Chasing that **
Posted by Evan Herrnstadt on July 3, 2008
I do a lot of econometric work, and I rarely post on it. This is mostly for the benefit of the audience, who may not want to read about the Bayes Information Criterion or Maddala and Wu’s panel unit root test.
Inspired by a post at EnvEcon about Dierdre (then Donald) McCloskey’s take on the academic life, I wanted to post a paper from the Journal of Economic Literature that is generally applicable to applied econometrics in all subfields. I’ve found McCloskey an interesting figure, not just because she was, until 1995, “Donald”. Her pursuits are wide-ranging and interdisciplinary, covering history, economics, feminism, law, rhetoric, and philosophy. From McCloskey’s bio:
I describe myself as a postmodern free-market quantitative rhetorical Episcopalian feminist Aristotelian woman who was once a man.

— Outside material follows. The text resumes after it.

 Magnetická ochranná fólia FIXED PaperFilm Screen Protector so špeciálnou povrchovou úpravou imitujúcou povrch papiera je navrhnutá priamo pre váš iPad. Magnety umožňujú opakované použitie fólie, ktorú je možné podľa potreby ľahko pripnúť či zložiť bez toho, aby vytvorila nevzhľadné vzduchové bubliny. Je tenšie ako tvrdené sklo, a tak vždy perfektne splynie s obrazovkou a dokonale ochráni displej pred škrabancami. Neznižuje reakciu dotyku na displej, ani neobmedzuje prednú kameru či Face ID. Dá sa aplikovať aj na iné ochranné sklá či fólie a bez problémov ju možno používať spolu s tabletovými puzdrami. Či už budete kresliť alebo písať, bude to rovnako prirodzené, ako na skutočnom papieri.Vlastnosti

I first discovered McCloskey while reading David Colander’s The Changing Face of Economics, which is a fascinating series of interviews with unorthodox (I wouldn’t necessarily say that all were heterodox) economists, such as ecological economists and behavioralists. I took notice of McCloskey partly due to her interesting work and partly because she used to teach at my alma mater, the University of Iowa (for which she had some harsh words). Anyway, one of her major points on the rhetoric of economics is covered in her JEL article from 1996 with Stephen Ziliak entitled, “The Standard Error of Regressions.”:
That is, most beginning econometrics books even now, unlike DeGroot and Goldberger and before them the modern masters of statistics, do not contrast economic and statistical significance…

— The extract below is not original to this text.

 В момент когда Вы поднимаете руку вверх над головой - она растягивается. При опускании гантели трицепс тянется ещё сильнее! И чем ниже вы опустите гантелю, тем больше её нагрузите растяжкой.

…The student from the outset of her statistical education, therefore, is led to believe that economic (or suvstantive) significance and statistical significance are the same thing. Hoel explains: “This word [‘not significant’] arises from the face that such a sample value is not compatible with the hypothesis and therefore signifies that some other hypothesis is necessary” The elementary point that “there is no sharp border between ‘significant’ and insignificant’, only increasingly strong evidence as the p-value decreases” is not found in most of the earlier books from which most economists learned statistics and econometrics.
McCloskey and Ziliak go on to survey papers from AER to see whether these issues of interpretation show up in practice. An appalling proportion of papers gravely misused the concepts of significance in some way; thankfully, the problem seemed to be diminishing: misuse was decreasing in PhD vintage and the sample is from the 1980s.

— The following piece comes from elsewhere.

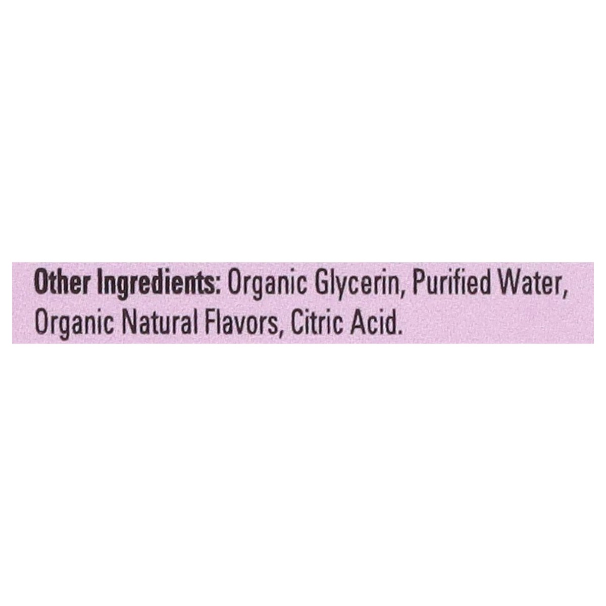 Other Ingredients: Organic Glycerin, Purified Water, Organic Natural Flavors, Citric Acid.

I find myself in a lucky situation where economic significance is generally emphasized, as policy-related applied work must be set in context. However, there are times when I feel like I’m chasing that elusive asterisk for p < 0.05 (or even better, two of ’em for p < 0.01). I was recently at a presentation where a scholar gave a result with p = 0.06, and he played it down as considerably less significant than a coefficient with p < 0.05. I’ve also had the experience of presenting economically meaningful coefficients significant at 0.05 < p < 0.10 and being told that they might be worthwhile but in effect were ignored. I realize that confidence is important, but I feel a type I error happening with a 1 in 10 probability is not a reason to ignore economically signficant coefficients. When you think about the somewhat arbitrary nature of what passes for statistically significant and what does not (and, thus, seriously influences what gets published and what does not), it kind of puts a damper on the whole “applied economics is a science” thing. Not to underplay the extremely useful nature of these methods, but I’m once again reminded that metrics has an artistic flourish to it.